Bastaba hablar con él una sola vez para quedar prendado de la dulzura y elegancia de sus modales, de la
jovialidad de su trato, de la oportunidad y gracia de sus palabras. Esto explica, en parte, la fascinación que
ejercía sobre sus muchachos, a los que atraía irresistiblemente. De sus corazones siempre abiertos y
confiados, saltaba a sus rostros ese atractivo especial que constituye, diría yo, la transparencia del alma.
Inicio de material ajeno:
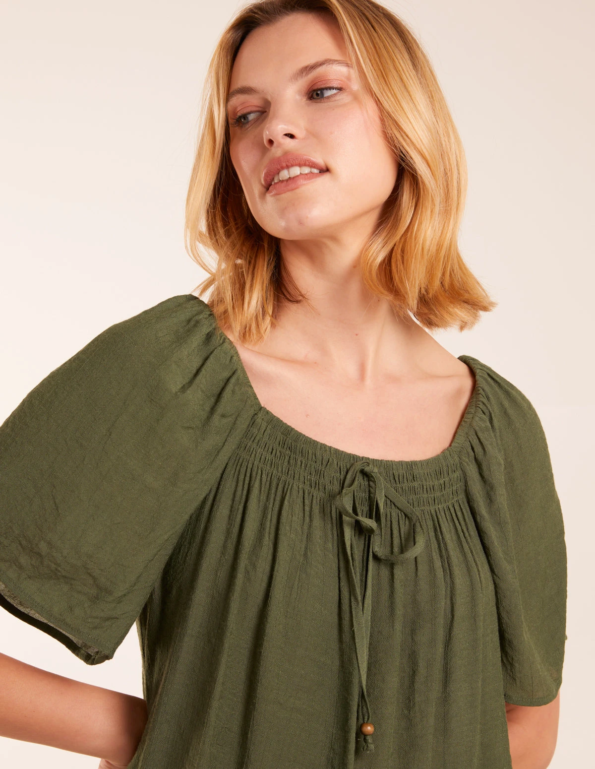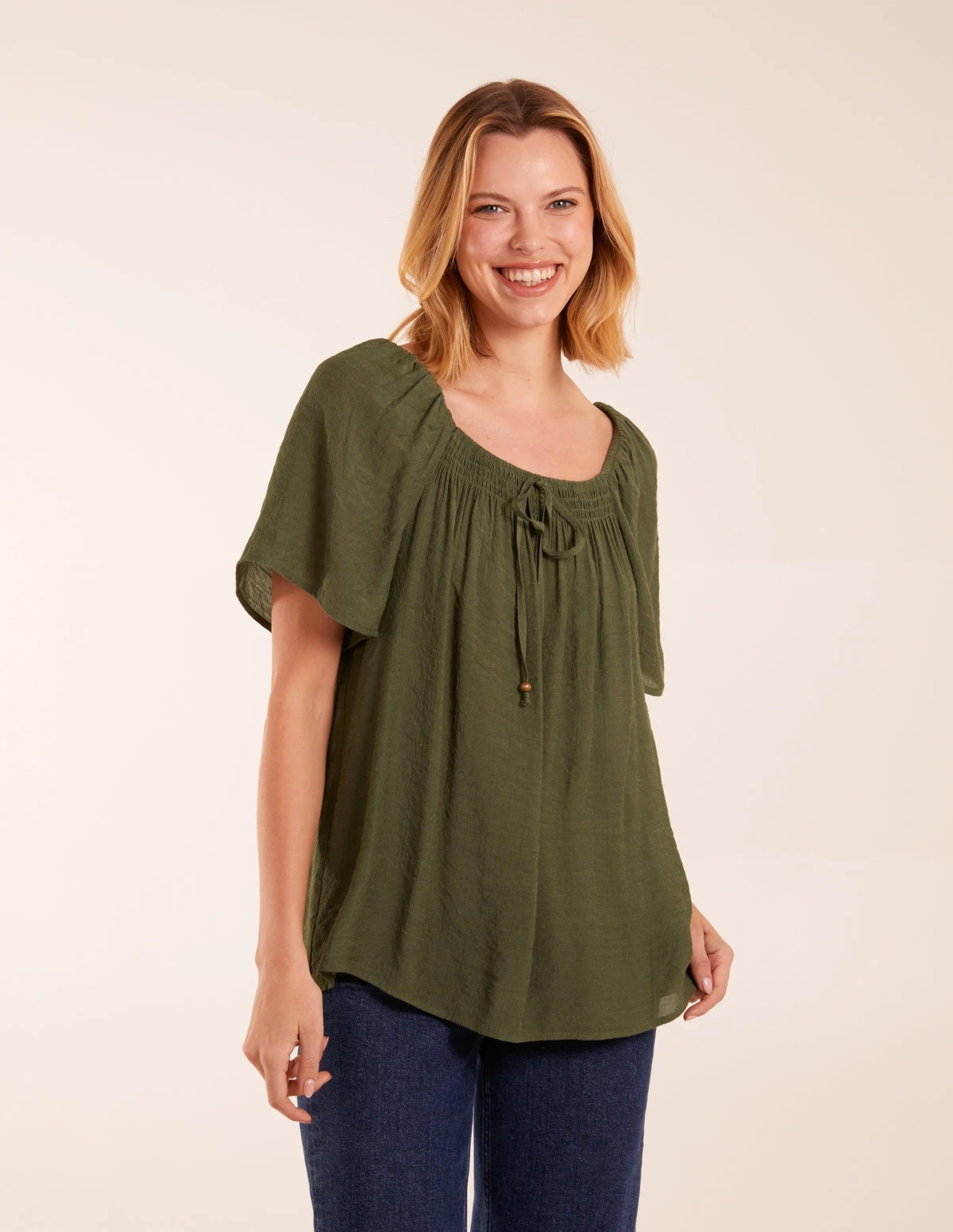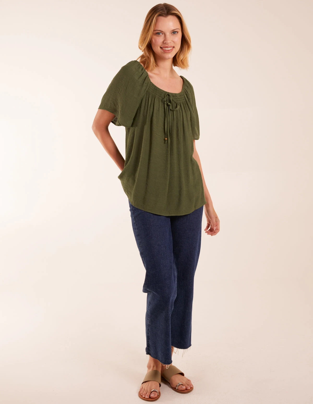 Milkmaid Shirred Swing Top(Khaki Milkmaid Shirred Swing Top)

Lo
rodeaban con alegría inefable, y les costaba tanto separarse de su lado, que no sabían decidirse a marchar:
casi era preciso que el mismo don Bosco se los quitase de encima.

José Buzzetti, y cien más con él, nos contaron muchas veces que la fisonomía de don Bosco tenía una
expresión simpática, tan bella, tan amable, tan angelical, que no parecía de este mundo; su mirada y su
sonrisa trasparentaban el encanto de la santidad que llevaba dentro de ((117)) sí. Cientos de veces se oía
repetir a los muchachos que le rodeaban: «¡parece nuestro Señor!», frase que se les hizo habitual.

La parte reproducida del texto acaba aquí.